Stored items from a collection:
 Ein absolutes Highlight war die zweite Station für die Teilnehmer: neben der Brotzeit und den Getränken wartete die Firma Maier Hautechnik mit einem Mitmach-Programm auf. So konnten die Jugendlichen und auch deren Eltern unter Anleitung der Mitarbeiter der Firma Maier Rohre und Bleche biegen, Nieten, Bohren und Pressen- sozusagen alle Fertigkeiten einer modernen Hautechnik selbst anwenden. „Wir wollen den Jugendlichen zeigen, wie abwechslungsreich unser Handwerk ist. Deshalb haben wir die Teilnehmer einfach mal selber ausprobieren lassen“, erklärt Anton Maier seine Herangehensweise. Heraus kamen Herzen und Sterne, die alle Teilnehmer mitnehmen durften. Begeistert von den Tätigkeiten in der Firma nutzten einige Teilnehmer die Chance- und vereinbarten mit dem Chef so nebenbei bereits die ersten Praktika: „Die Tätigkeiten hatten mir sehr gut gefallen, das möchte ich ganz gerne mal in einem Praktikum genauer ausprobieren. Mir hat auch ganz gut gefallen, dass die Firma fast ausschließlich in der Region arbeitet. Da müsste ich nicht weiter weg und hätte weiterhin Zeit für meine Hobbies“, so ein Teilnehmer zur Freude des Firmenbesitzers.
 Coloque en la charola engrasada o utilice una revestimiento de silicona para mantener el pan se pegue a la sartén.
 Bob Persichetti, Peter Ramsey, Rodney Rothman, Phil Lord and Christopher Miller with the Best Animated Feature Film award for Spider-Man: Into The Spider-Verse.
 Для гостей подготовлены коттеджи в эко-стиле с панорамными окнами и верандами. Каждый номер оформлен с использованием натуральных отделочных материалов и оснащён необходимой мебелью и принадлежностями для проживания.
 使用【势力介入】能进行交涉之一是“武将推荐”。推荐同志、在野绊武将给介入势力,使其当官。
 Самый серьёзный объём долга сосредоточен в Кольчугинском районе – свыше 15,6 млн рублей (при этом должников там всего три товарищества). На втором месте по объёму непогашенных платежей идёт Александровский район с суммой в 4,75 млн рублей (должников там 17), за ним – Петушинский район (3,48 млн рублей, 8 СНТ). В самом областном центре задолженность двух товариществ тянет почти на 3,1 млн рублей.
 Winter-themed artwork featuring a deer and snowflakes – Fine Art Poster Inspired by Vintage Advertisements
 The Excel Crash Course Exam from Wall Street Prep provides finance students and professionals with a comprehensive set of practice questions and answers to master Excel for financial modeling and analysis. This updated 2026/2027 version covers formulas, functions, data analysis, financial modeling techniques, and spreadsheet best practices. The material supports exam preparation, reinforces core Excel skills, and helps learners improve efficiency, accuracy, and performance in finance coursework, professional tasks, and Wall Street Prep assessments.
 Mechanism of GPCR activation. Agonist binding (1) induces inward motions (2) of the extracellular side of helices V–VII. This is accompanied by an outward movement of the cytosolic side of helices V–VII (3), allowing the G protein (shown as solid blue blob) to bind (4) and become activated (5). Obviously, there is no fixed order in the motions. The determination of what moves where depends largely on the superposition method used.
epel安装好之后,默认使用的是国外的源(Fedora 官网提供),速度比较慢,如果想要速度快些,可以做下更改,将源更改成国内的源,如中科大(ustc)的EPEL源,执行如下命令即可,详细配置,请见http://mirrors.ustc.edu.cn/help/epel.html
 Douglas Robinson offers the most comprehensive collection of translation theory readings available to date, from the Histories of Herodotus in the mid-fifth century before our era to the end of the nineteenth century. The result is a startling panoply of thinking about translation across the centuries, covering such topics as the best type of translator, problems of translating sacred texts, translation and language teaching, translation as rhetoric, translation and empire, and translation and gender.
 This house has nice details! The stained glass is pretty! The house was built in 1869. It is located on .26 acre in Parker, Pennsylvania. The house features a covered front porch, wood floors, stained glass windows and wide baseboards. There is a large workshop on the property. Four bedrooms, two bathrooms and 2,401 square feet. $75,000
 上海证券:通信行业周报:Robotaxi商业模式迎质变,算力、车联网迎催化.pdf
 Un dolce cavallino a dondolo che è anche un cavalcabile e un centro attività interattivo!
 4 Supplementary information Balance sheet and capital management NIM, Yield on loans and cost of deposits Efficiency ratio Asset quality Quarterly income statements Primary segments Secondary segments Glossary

What you have to do: Could you output each line above exactly as it was given?

Your solution:
 Ein absolutes Highlight war die zweite Station für die Teilnehmer: neben der Brotzeit und den Getränken wartete die Firma Maier Hautechnik mit einem Mitmach-Programm auf. So konnten die Jugendlichen und auch deren Eltern unter Anleitung der Mitarbeiter der Firma Maier Rohre und Bleche biegen, Nieten, Bohren und Pressen- sozusagen alle Fertigkeiten einer modernen Hautechnik selbst anwenden. „Wir wollen den Jugendlichen zeigen, wie abwechslungsreich unser Handwerk ist. Deshalb haben wir die Teilnehmer einfach mal selber ausprobieren lassen“, erklärt Anton Maier seine Herangehensweise. Heraus kamen Herzen und Sterne, die alle Teilnehmer mitnehmen durften. Begeistert von den Tätigkeiten in der Firma nutzten einige Teilnehmer die Chance- und vereinbarten mit dem Chef so nebenbei bereits die ersten Praktika: „Die Tätigkeiten hatten mir sehr gut gefallen, das möchte ich ganz gerne mal in einem Praktikum genauer ausprobieren. Mir hat auch ganz gut gefallen, dass die Firma fast ausschließlich in der Region arbeitet. Da müsste ich nicht weiter weg und hätte weiterhin Zeit für meine Hobbies“, so ein Teilnehmer zur Freude des Firmenbesitzers.
 Coloque en la charola engrasada o utilice una revestimiento de silicona para mantener el pan se pegue a la sartén.
 Bob Persichetti, Peter Ramsey, Rodney Rothman, Phil Lord and Christopher Miller with the Best Animated Feature Film award for Spider-Man: Into The Spider-Verse.
 Для гостей подготовлены коттеджи в эко-стиле с панорамными окнами и верандами. Каждый номер оформлен с использованием натуральных отделочных материалов и оснащён необходимой мебелью и принадлежностями для проживания.
 使用【势力介入】能进行交涉之一是“武将推荐”。推荐同志、在野绊武将给介入势力,使其当官。
 Самый серьёзный объём долга сосредоточен в Кольчугинском районе – свыше 15,6 млн рублей (при этом должников там всего три товарищества). На втором месте по объёму непогашенных платежей идёт Александровский район с суммой в 4,75 млн рублей (должников там 17), за ним – Петушинский район (3,48 млн рублей, 8 СНТ). В самом областном центре задолженность двух товариществ тянет почти на 3,1 млн рублей.
 Winter-themed artwork featuring a deer and snowflakes – Fine Art Poster Inspired by Vintage Advertisements
 The Excel Crash Course Exam from Wall Street Prep provides finance students and professionals with a comprehensive set of practice questions and answers to master Excel for financial modeling and analysis. This updated 2026/2027 version covers formulas, functions, data analysis, financial modeling techniques, and spreadsheet best practices. The material supports exam preparation, reinforces core Excel skills, and helps learners improve efficiency, accuracy, and performance in finance coursework, professional tasks, and Wall Street Prep assessments.
 Mechanism of GPCR activation. Agonist binding (1) induces inward motions (2) of the extracellular side of helices V–VII. This is accompanied by an outward movement of the cytosolic side of helices V–VII (3), allowing the G protein (shown as solid blue blob) to bind (4) and become activated (5). Obviously, there is no fixed order in the motions. The determination of what moves where depends largely on the superposition method used.
epel安装好之后,默认使用的是国外的源(Fedora 官网提供),速度比较慢,如果想要速度快些,可以做下更改,将源更改成国内的源,如中科大(ustc)的EPEL源,执行如下命令即可,详细配置,请见http://mirrors.ustc.edu.cn/help/epel.html
 Douglas Robinson offers the most comprehensive collection of translation theory readings available to date, from the Histories of Herodotus in the mid-fifth century before our era to the end of the nineteenth century. The result is a startling panoply of thinking about translation across the centuries, covering such topics as the best type of translator, problems of translating sacred texts, translation and language teaching, translation as rhetoric, translation and empire, and translation and gender.
 This house has nice details! The stained glass is pretty! The house was built in 1869. It is located on .26 acre in Parker, Pennsylvania. The house features a covered front porch, wood floors, stained glass windows and wide baseboards. There is a large workshop on the property. Four bedrooms, two bathrooms and 2,401 square feet. $75,000
 上海证券:通信行业周报:Robotaxi商业模式迎质变,算力、车联网迎催化.pdf
 Un dolce cavallino a dondolo che è anche un cavalcabile e un centro attività interattivo!
 4 Supplementary information Balance sheet and capital management NIM, Yield on loans and cost of deposits Efficiency ratio Asset quality Quarterly income statements Primary segments Secondary segments Glossary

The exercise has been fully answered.